Red Flag
- Type: Newspaper
- Owner: Socialist Alternative
- Publisher: Red Flag Press Inc.
- Founded: 12 June 2013; 13 years ago
- Language: English
- Headquarters: Trades Hall 54 Victoria St Carlton South Victoria 3053
- City: Melbourne
- Country: Australia
- ISSN: 2202-2228
- Website: redflag.org.au

= Red Flag (newspaper) =

Australian newspaper

Red Flag is an Australian newspaper which is published fortnightly by the Trotskyist organisation Socialist Alternative. It is also associated with the podcast Red Flag Radio.

==History==
The first issue of Red Flag was published on 12 June 2013.

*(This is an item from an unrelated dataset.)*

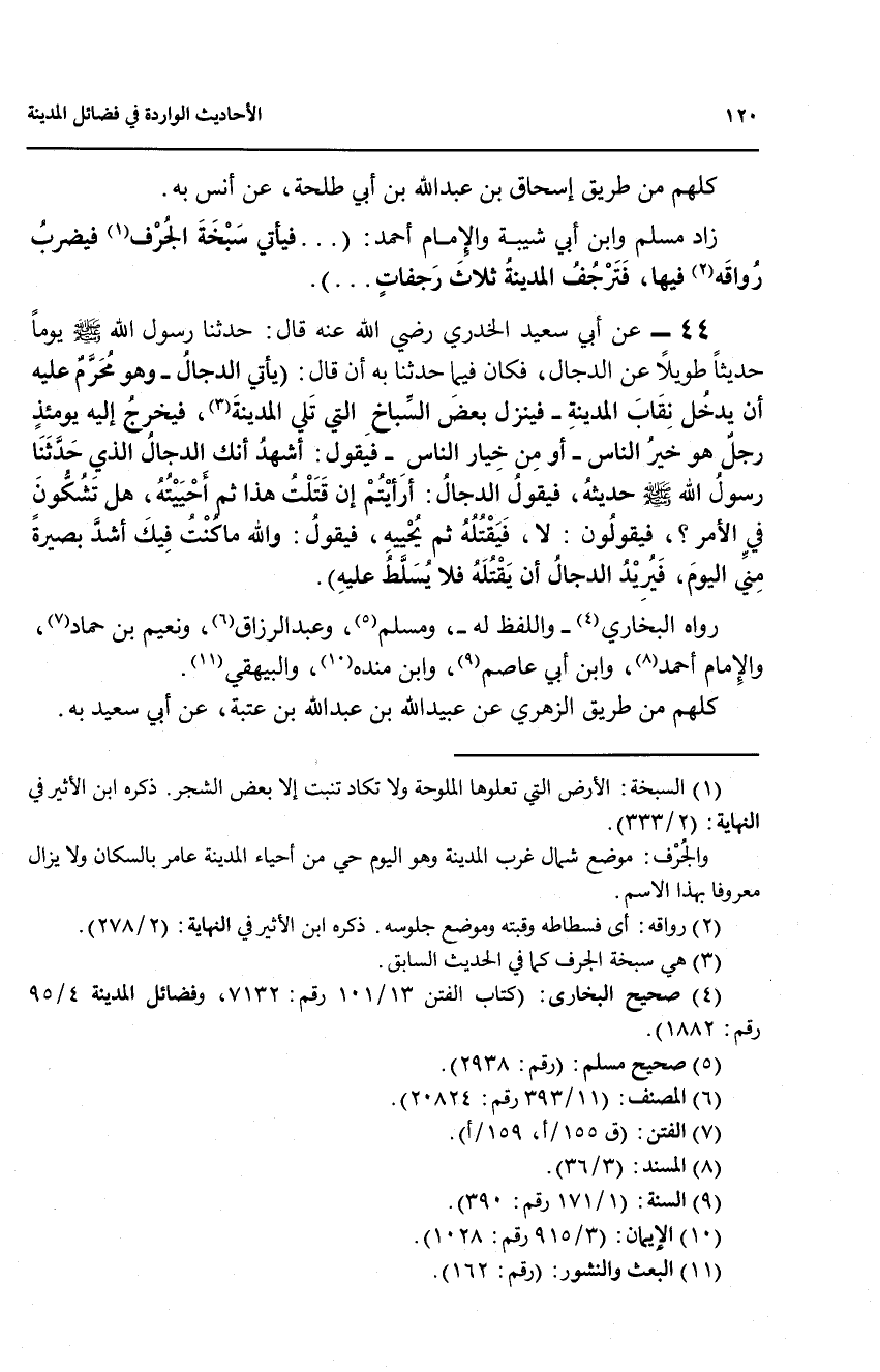 (1) السبخة: الارض التي تعلوها الملوحة ولا تكاد تنبت الا بعض الشجر، ذكره ابن الاثير في النهاية: (333/ 2). والجرف: موضع شمال غرب المدينة وهو اليوم حي من أحياء المدينة عامر بالسكان ولا يزال معروفا بهذا الاسم.

In July 2014, the newspaper was criticised after publishing an issue featured a front page depicting then Prime Minister of Australia Tony Abbott with a razor to his neck and the caption "One cut we'd like to see", in protest of the Abbott government's proposed budget cuts. In an interview, Abbott stated that the image "should not have any place in our public discourse". The editors refused to apologise and defended the cover as an homage to a 1977 poster and political slogan "Give Fraser the razor!", while accusing critics of hypocrisy for defending Abbott from a "clearly metaphorical" threat at the same time as his government was deporting refugees to face real threats of violence. They nonetheless withdrew the edition due to "legal concerns".

In 2019, Red Flag editor Ben Hillier's articles provided on-the-ground coverage of the siege and student rebellions at Hong Kong Polytechnic. Hillier's eyewitness account has been documented in his book, The Art of Rebellion: Dispatches from Hong Kong.